** Opening Supplied data block **
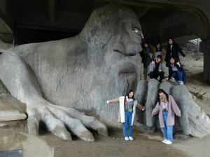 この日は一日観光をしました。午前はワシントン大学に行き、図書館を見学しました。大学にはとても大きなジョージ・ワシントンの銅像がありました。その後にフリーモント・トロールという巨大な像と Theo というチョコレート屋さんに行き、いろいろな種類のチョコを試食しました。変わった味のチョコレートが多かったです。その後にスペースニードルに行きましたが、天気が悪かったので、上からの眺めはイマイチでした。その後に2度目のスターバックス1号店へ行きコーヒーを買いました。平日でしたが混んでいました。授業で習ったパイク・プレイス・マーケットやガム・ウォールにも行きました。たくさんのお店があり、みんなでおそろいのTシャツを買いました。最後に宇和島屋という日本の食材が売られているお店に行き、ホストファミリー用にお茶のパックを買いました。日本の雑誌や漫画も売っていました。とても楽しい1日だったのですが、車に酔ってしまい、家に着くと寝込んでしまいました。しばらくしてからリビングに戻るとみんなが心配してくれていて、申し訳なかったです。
** Closing Supplied data block **
** Opening Supplied data block **
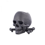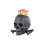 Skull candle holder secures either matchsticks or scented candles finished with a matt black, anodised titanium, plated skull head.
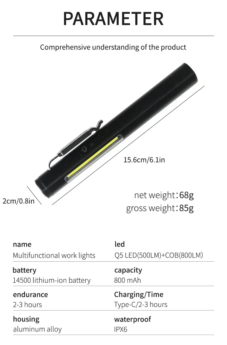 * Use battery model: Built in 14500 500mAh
** Closing Supplied data block **
Exactly as written above, retype the lines starting at the one holding "Skull candle holder" and ending at the one holding "in 14500 500mAh", both included, but not the pictures.

Response to this task:
 Skull candle holder secures either matchsticks or scented candles finished with a matt black, anodised titanium, plated skull head.
 * Use battery model: Built in 14500 500mAh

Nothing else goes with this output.